[Rd] S4 methods semantics questions
Byron Ellis
ellis at stat.harvard.edu
Fri Mar 25 22:34:24 CET 2005
On Mar 25, 2005, at 7:26 AM, John Chambers wrote:
> Byron Ellis wrote:
>
>> Some quick questions about S4 methods.
>> Does the typing of S4 methods mean that lazy evaluation is no longer
>> possible? It seems that you would need to evaluate the arguments to
>> determine their type at dispatch.
>
> Yes, it would be a neat trick to know the class of an actual argument
> without evaluating it ;-)
True enough. Though I suppose you could have done something with
arguments that are method calls by inspecting valueClass to at least
limit the set of possible types. :-)
>
> However, the evaluation proceeds stepwise until a unique method
> matches, so that arguments not needed to do the dispatch will not yet
> be evaluated. The order of evaluation is controlled by the signature
> of the generic, by default all the arguments in order, but specifiable
> via the signature= argument to setGeneric.
>
>> Second, what role, if any, do default arguments play in S4 methods? I
>> notice that you can put default arguments into generics but that the
>> dispatch is still done on the type of the calling argument rather
>> than the default argument, though the default arg is substituted.
>
> Yes, dispatch depends on the call, not on the default expressions for
> the arguments. If an actual argument is missing, the dispatch tries
> to match "missing" or "ANY".
>
>> However, default values for arguments in method definition seem to be
>> stripped or, more likely, overridden at dispatch by the calling
>> argument (i.e. "missing").
>> Some examples:
>> setGeneric("foo",function(x="bar") standardGeneric("foo"))
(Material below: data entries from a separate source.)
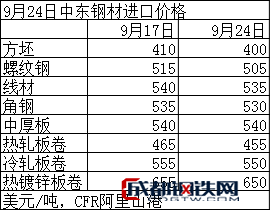 9月24日中東進口鋼材價格
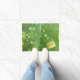 The artwork on this Doormat is an original photograph by ZoeSPEAK of raindrops on a schefflera leaf. The closeup photo shows the veins of the spring green leaf, with random water droplets decorating it with light yellow green, three dimensional highlights. There is a yellow sticker with the word "Welcome" on it. This is optional. The text can be changed, or the entire sticker and text can be removed if you prefer.
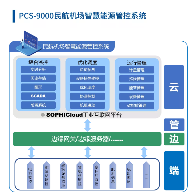 針對機場日益嚴峻的節(jié)能形勢以及“四型機場”的建設(shè)要求,南瑞繼保研發(fā)了PCS-9000民航機場智慧能源管控系統(tǒng)。該系統(tǒng)可應(yīng)用于大型樞紐、干線、支線機場,實現(xiàn)冷熱水電氣等能源介質(zhì)及建筑機電設(shè)備的一體化集中監(jiān)控,通過負荷預(yù)測、多目標優(yōu)化、協(xié)調(diào)控制等智能調(diào)控及計量、能效、設(shè)備、安全等智慧運維功能,基于自主研發(fā)的工業(yè)互聯(lián)網(wǎng)平臺,實現(xiàn)”云管邊端”協(xié)同,全局態(tài)勢感知和指揮決策,支撐智慧機場建設(shè)。
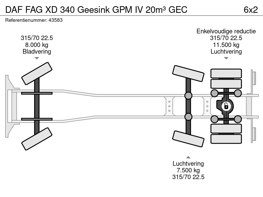 - Construcción: Geesink (tipo GPM IV 20H25), 20m³- Carga: GEC (DIN, Geesink, Kam, ETB)
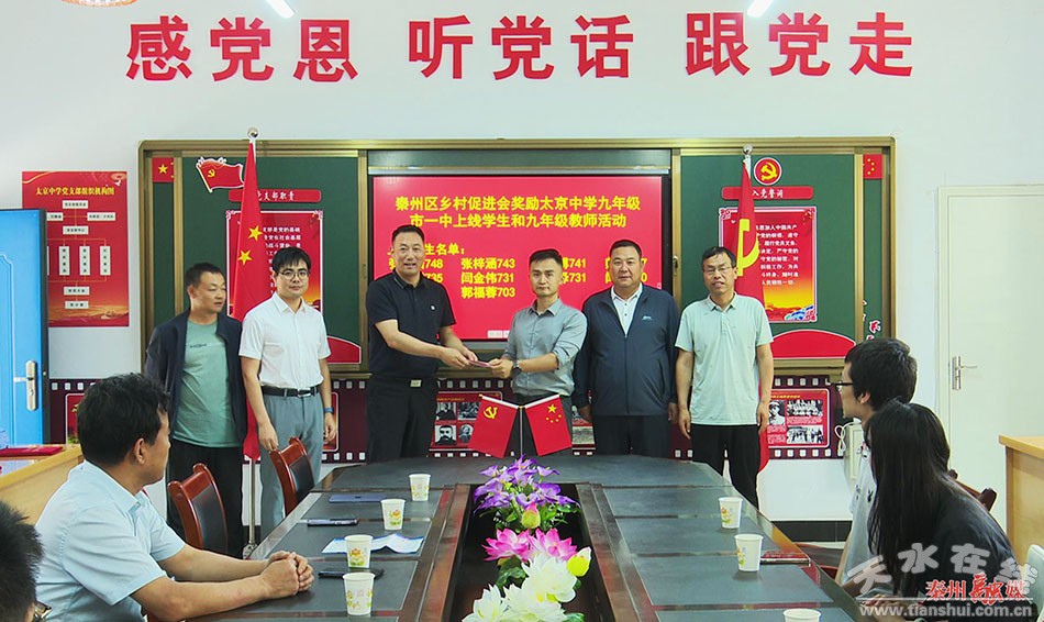 活動(dòng)中,促進(jìn)會(huì)成員為太京中學(xué)考上天水一中的學(xué)生閆涵、董翰澤、郭福蓉、陳欣怡各發(fā)放獎(jiǎng)金500元,激勵(lì)他們發(fā)奮圖強(qiáng),再創(chuàng)佳績(jī)。
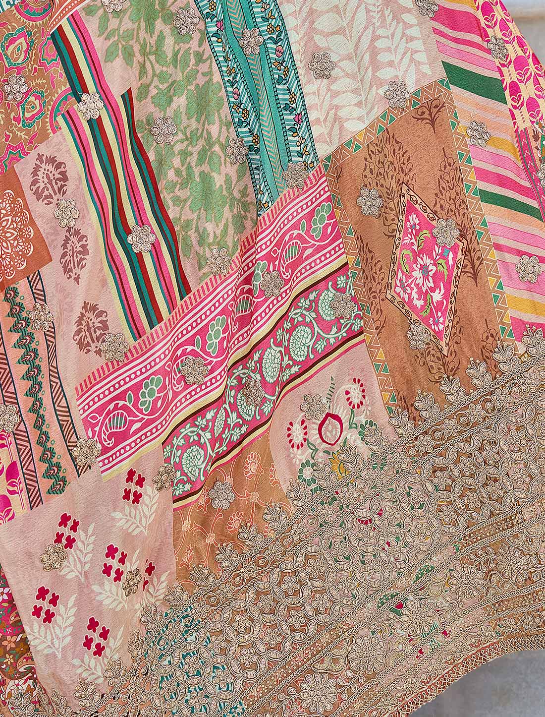 - Lehenga Choli & Blouse Fabric: Chinon Silk
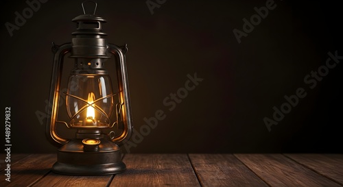Vintage Oil Lantern on Wooden Table in Warm Lighting Environment
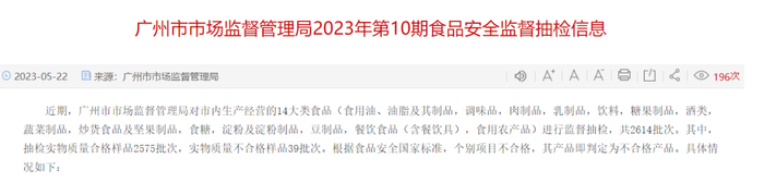 5月22日,广州市市场监督管理局公布了2023年第10期食品安全监督抽检信息,此次共监督抽检2614批次食品,其中,抽检实物质量不合格样品39批次。
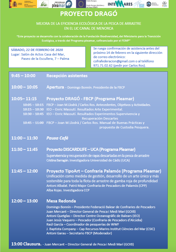 Este próximo sábado 22 de febrero se va a celebrar el segundo taller informativo del proyecto Mejora de la Eficiencia Ecológica de la Pesca de Arrastre en el LIC Canal de Menorca -...
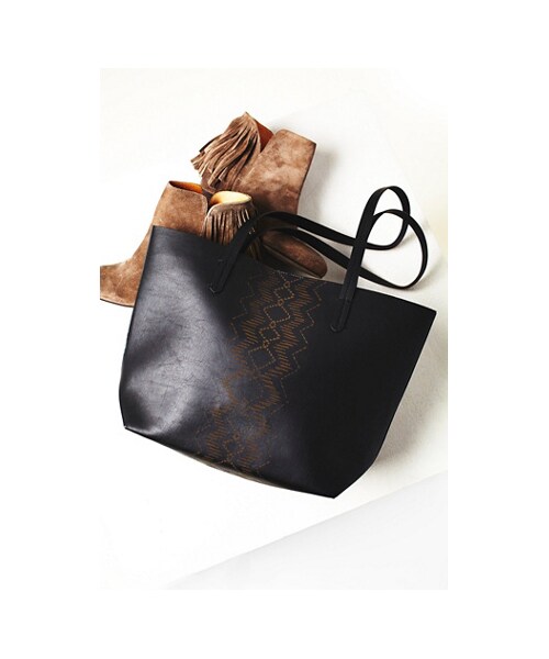 The perfect sized lightweight vegan leather tote featuring a tribal inspired subtle etched design on the front. Inside has a slip pocket. Magnetic closure.
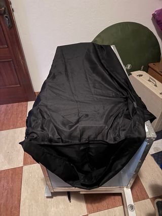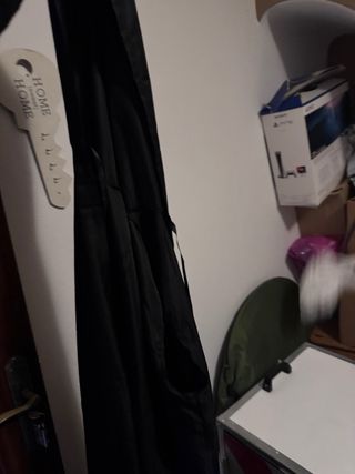 Abrigo fino de color negro, ideal para entretiempo. Presenta un diseño moderno y versátil. - Cierre de botones a presión. - Bolsillos laterales. - Capucha integrada. No tiene etiqueta, pero no me lo he puesto nunca, es finito.
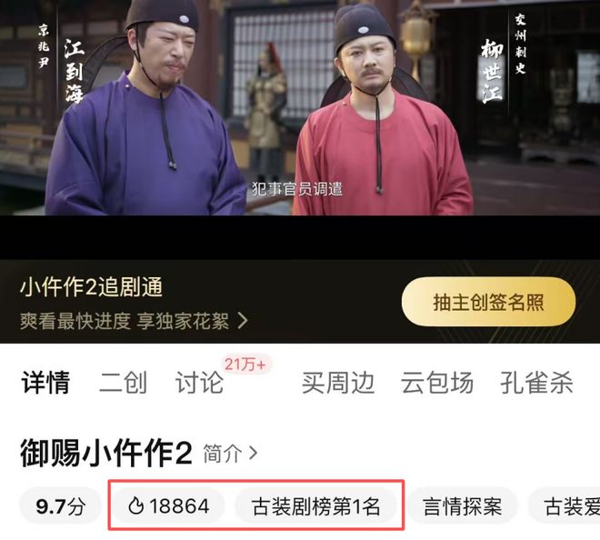 如今第贰部播出,成績果然沒讓人失望,僅播壹晚熱度破18000,並榮登平台榜單第壹,展現出了“劇王”潛質,這下我徹底放心了!
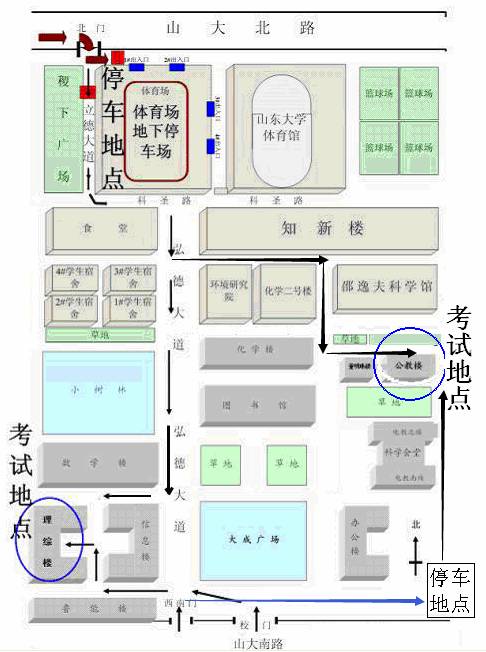 友情提示:山大南路、山大北路两侧不允许停车,校内停车资源有限,建议广大考生减少开车赴考。如有开车的考生,请由中心校区北门或西南门进出校门,将车停放在体育场地下停车场、东南角停车场等允许停车区域。
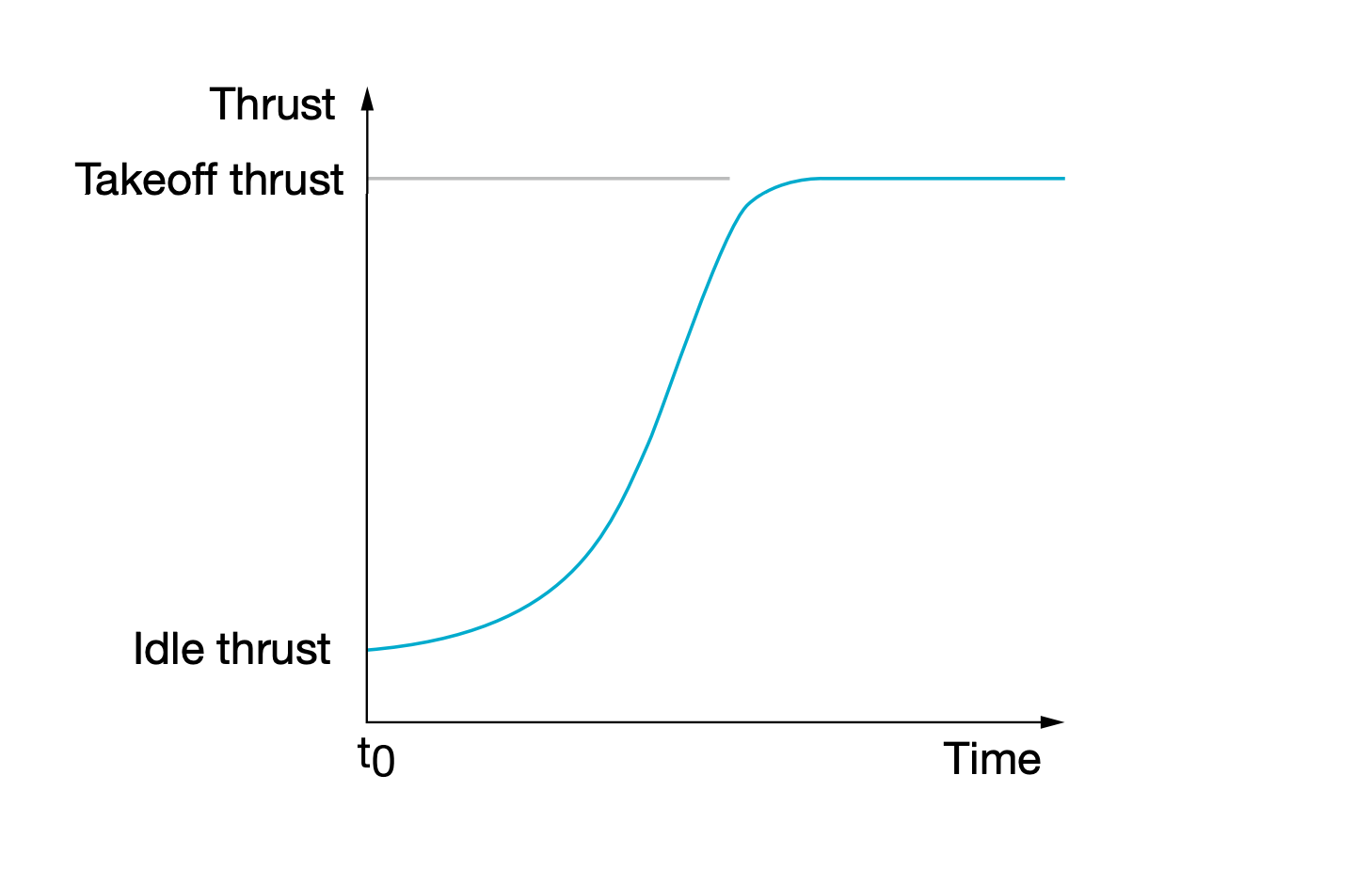 Diese Verringerung des Schubs zu Beginn des Starts ist in der folgenden Grafik zu sehen. Es wird der Schub gegen die Zeit aufgetragen. Wenn die Schubhebel bewegt werden, bleibt der Triebwerksschub für einige Momente nahezu konstant. Dies wird dadurch verursacht, dass sich die Entlüftungsöffnungen des Kompressors öffnen.
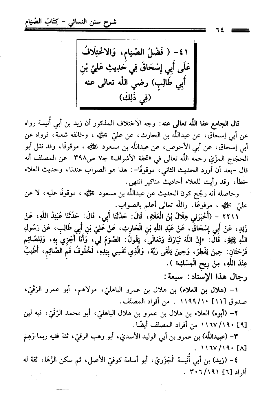 41 - (فَضْلُ الصِّيَامِ، وَالاخْتِلَافُ عَلَى أَبِي إِسْحَاقَ فِي حَدِيثِ علَيِّ بْنِ أَبِي طَالِبٍ) - رضي اللَّه تعالى عنه - (فِي ذَلِكَ)
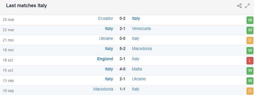 Phong độ gần đây của Ý vs Thổ Nhĩ Kỳ

>> setMethod("foo","missing",function(x) print(x))
>> >foo()
>> [1] "bar"
>> setGeneric("foo",function(x,y) standardGeneric("foo"))
>> setMethod("foo","numeric",function(x,y=2) x+y)
>> >foo(1)
>> Error in foo(1) : argument "y" is missing, with no default
>
> Well, the intent is that defaults are indeed taken from the method, if
> there is a default there, otherwise from the generic. It looks as if
> there is a bug in the case that the generic has NO default for that
> argument (unless, of course, it's a subtle feature, but not that I can
> think of at the moment).
>
> Your example works as intended if there is a default expression for y
> in the generic:
>
> R> setGeneric("foo",function(x,y=stop("Need y"))
> standardGeneric("foo"))
> [1] "foo"
> R> setMethod("foo","numeric",function(x,y=2) x+y)
> [1] "foo"
> R> foo(1)
> [1] 3
>
Ah, interesting. I can't decide if thats a feature or a bug either :-)
>
>> ---
>> Byron Ellis (ellis at stat.harvard.edu)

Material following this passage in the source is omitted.